Excuses are like buttholes. Everyone has one and they’re usually full of crap.

My mother bought me an acoustic guitar when I was 16 for a seminar I was taking. I learned the three chords it takes to play the song “Wild Thing”, and I’ve taken it out every couple of years to see if I still knew the chords. Beyond that, it has collected dust in storage units and closet corners ever since.

I’ve made all sorts of excuses throughout the years as to why I hadn’t learned: my terrible finger coordination, my inability to develop calluses on my fingertips, the limitations of the guitar I was given, and the ultimate excuse: I don’t have time.

I realize now that I was just being plain lazy. Had I stuck with it, I’d be pretty good by now.

So I just bought a guitar.

I’m committed to learning it this time mostly because it will help me grow as a songwriter, producer and musician. It’s not a fancy one, but it does have a built-in pickup system so I can use it for recording and performing without needing to mic it… once I learn it.

I’m also committed because I bought it with my own money; there’s no motivation quite like the decrease of your bank account.

Why share this story?

I know I’m not the only one that has avoid pursuing something because of the lack of knowledge or experience with it.
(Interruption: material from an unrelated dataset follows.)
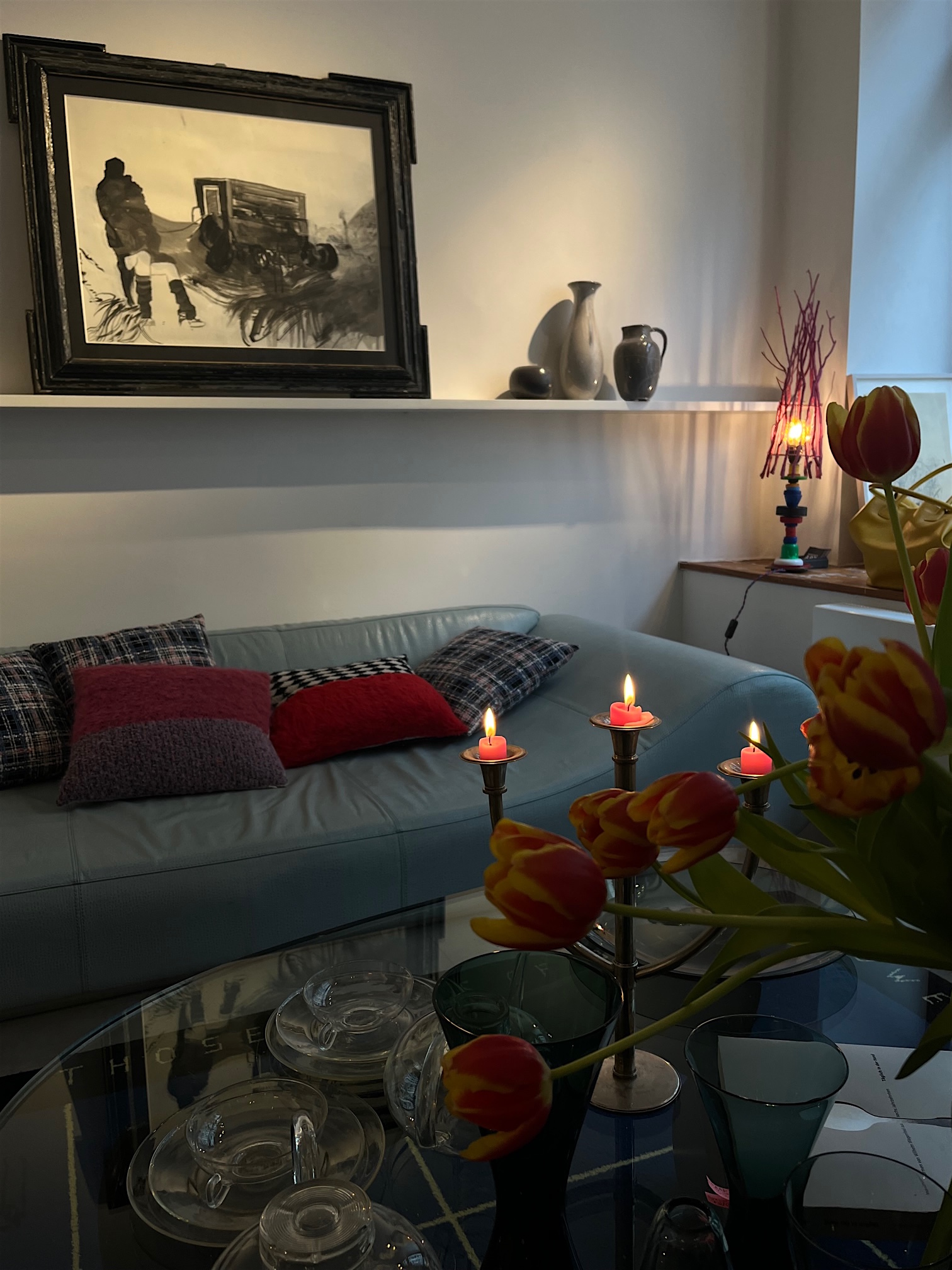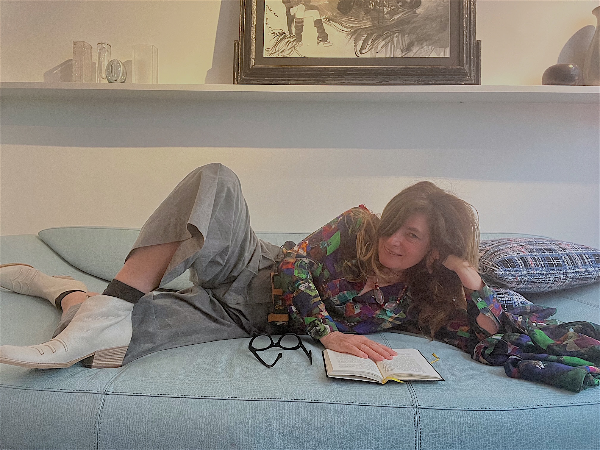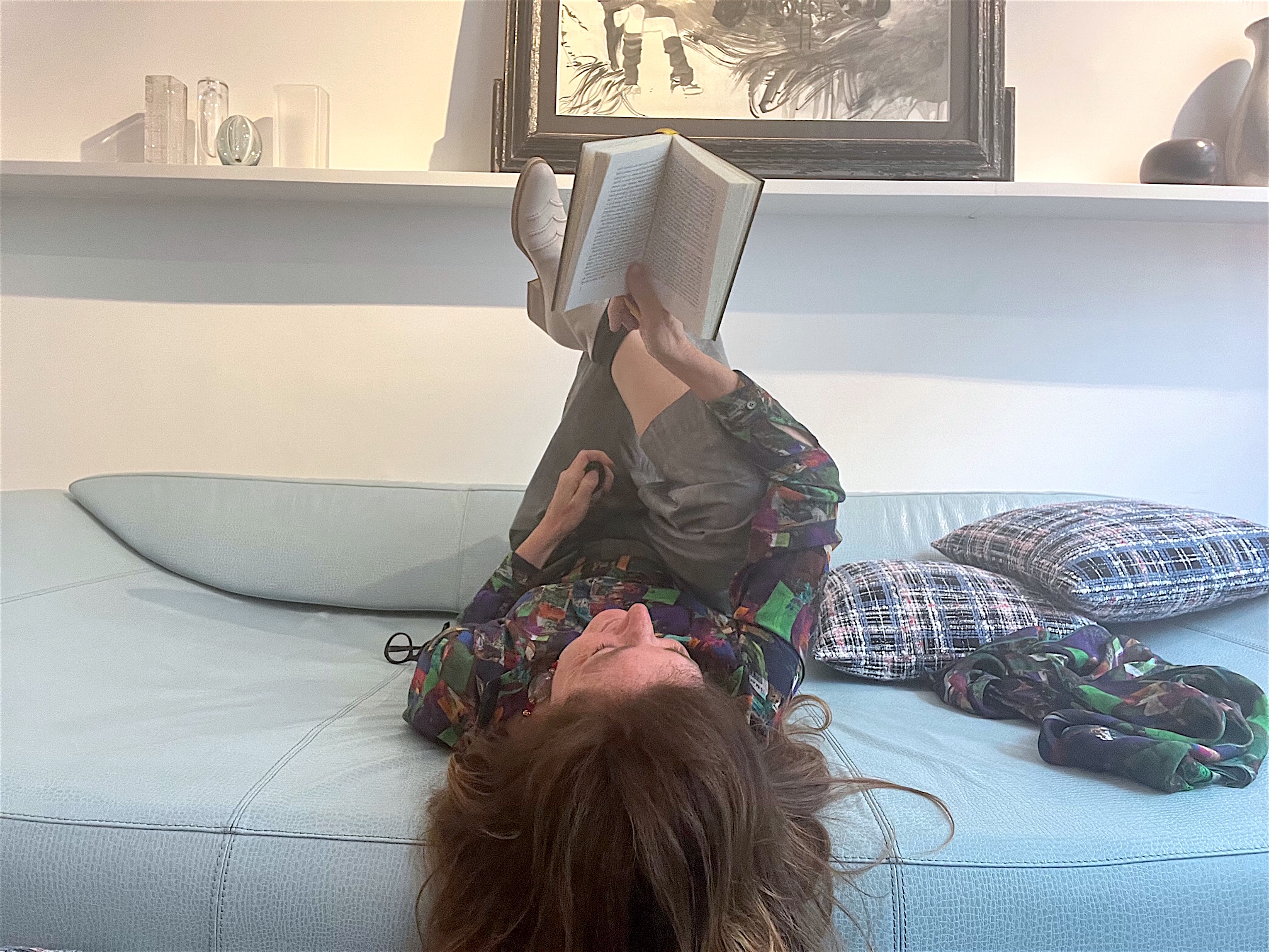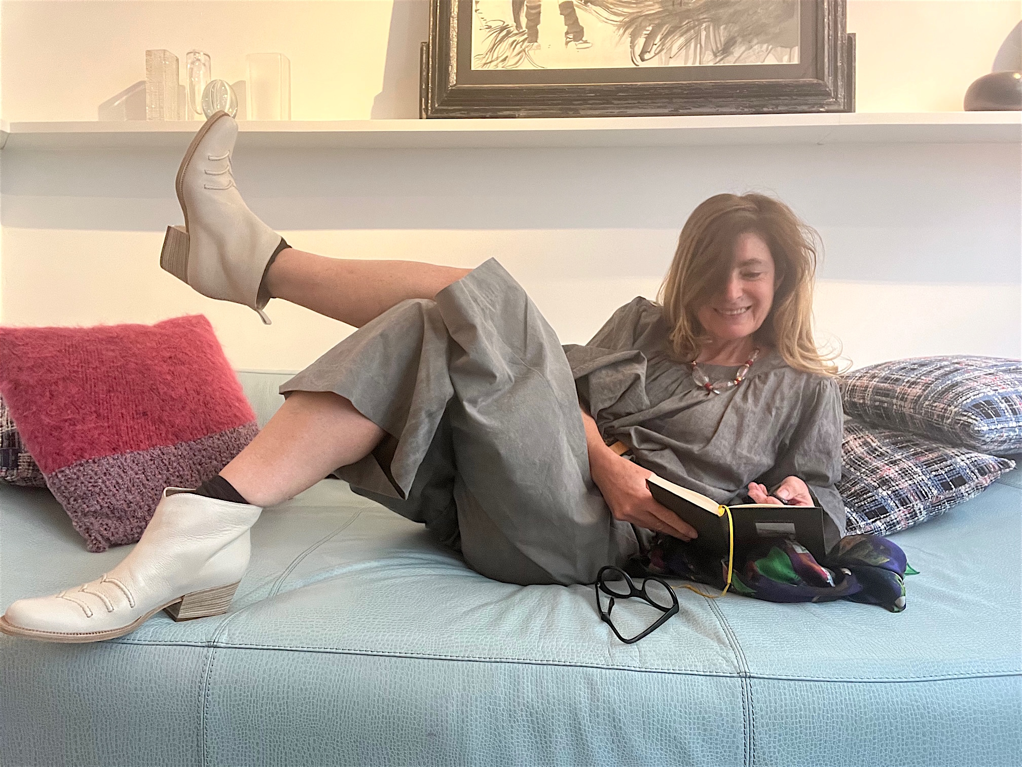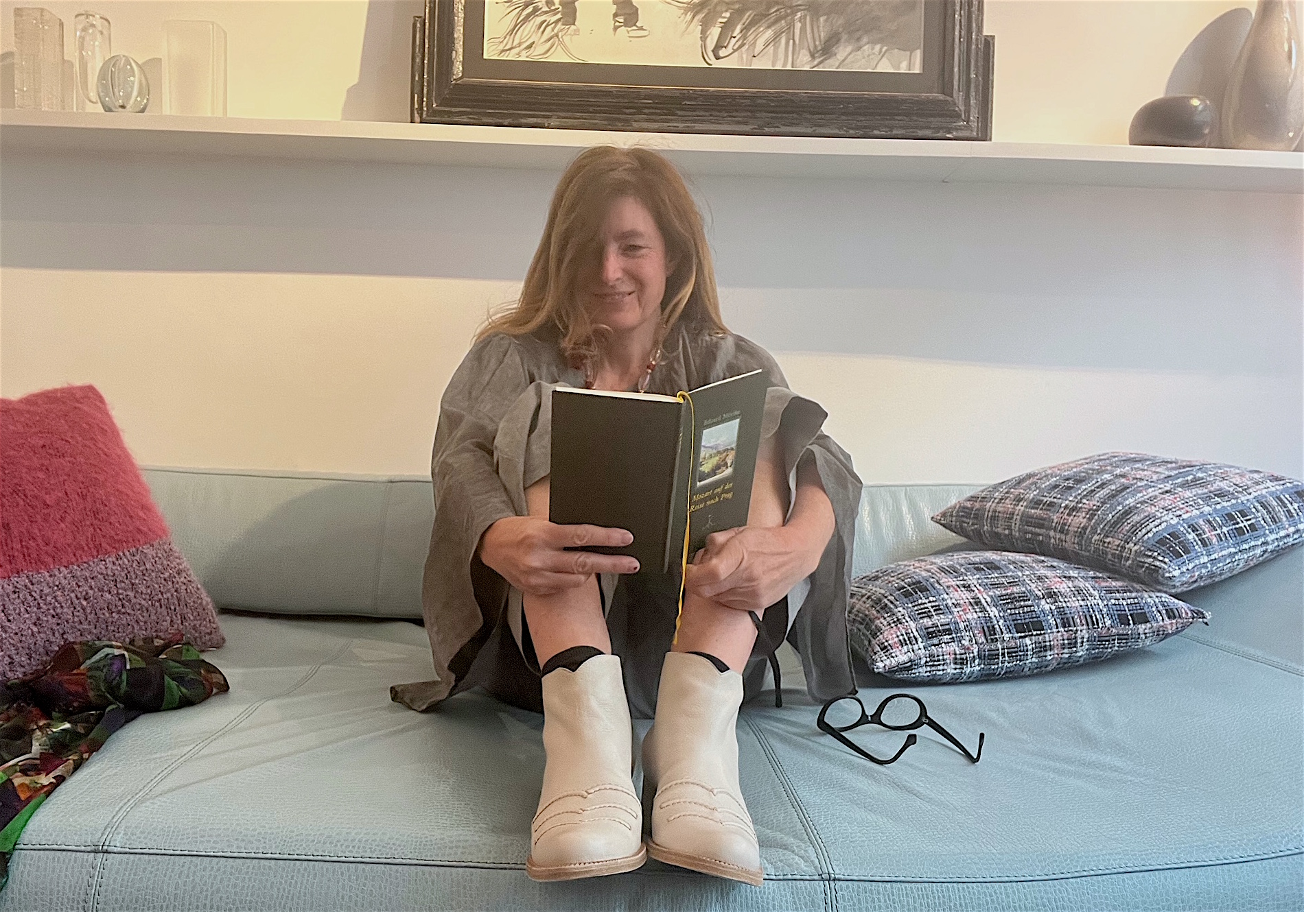 Mittlerweile habe ich schon vergessen, dass ich mich in einem Geschäft befinde mit großen Fensterscheiben, durch die ab und an jemand amüsiert hineinschaut und mich lesend auf dem Sofa sieht. … Es ist spät geworden im Schloss. Noch einmal geht Mozart an das Klavier:

There are way too many resources out there for us to remain ignorant about any topic. Yet, like the old saying goes, you can lead the horse to water but you can’t make it drink.

In the game of life, the difference between a player and a spectator is the motivation to learn what it takes to succeed and work toward that. We can talk all day about our plans and goals, but they are just fleeting ideas until we take action.
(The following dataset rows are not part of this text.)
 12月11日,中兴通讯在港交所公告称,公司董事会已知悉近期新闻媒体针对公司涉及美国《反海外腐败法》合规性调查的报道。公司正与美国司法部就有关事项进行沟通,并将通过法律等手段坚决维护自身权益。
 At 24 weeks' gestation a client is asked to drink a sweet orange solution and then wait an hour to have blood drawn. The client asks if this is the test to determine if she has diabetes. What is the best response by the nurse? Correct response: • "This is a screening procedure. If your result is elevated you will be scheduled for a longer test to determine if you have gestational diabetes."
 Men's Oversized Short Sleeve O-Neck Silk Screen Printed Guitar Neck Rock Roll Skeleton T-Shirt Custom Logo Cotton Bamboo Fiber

If you don’t have the time to spend hours a day on it, dedicating 10 minutes every other day is better than nothing. Even baby steps in the right direction is still progress.

What’d We Learn?

It’s a cliché, but it’s true: nothing in life worth having will come easy. The first track I wrote was pure trash. The first song I wrote was super corny. Had I given up back then, I would be floating through life unfulfilled. Sure, my career is nowhere near level of Quincy Jones or David Foster, but my idea of success is seeing minds and lives transformed by the music that God allows me to create. I will gladly accept the accolades and money when they come, but they are not my motivation.

I’ve always been motivated to create music; that’s why I’ve always done what I could to learn all about it. At the same time, I didn’t have the motivation to stick with the guitar back then, so I still don’t know how to play it. That changes now.

What is it that you’ve always wanted to do, and why? Are you actively pursuing it? If not, what’s stopping you from doing it? Sure, you may not be that good at it now. Frankly, you may suck terribly.

But just remember: you only fail at the things you’ve given up on.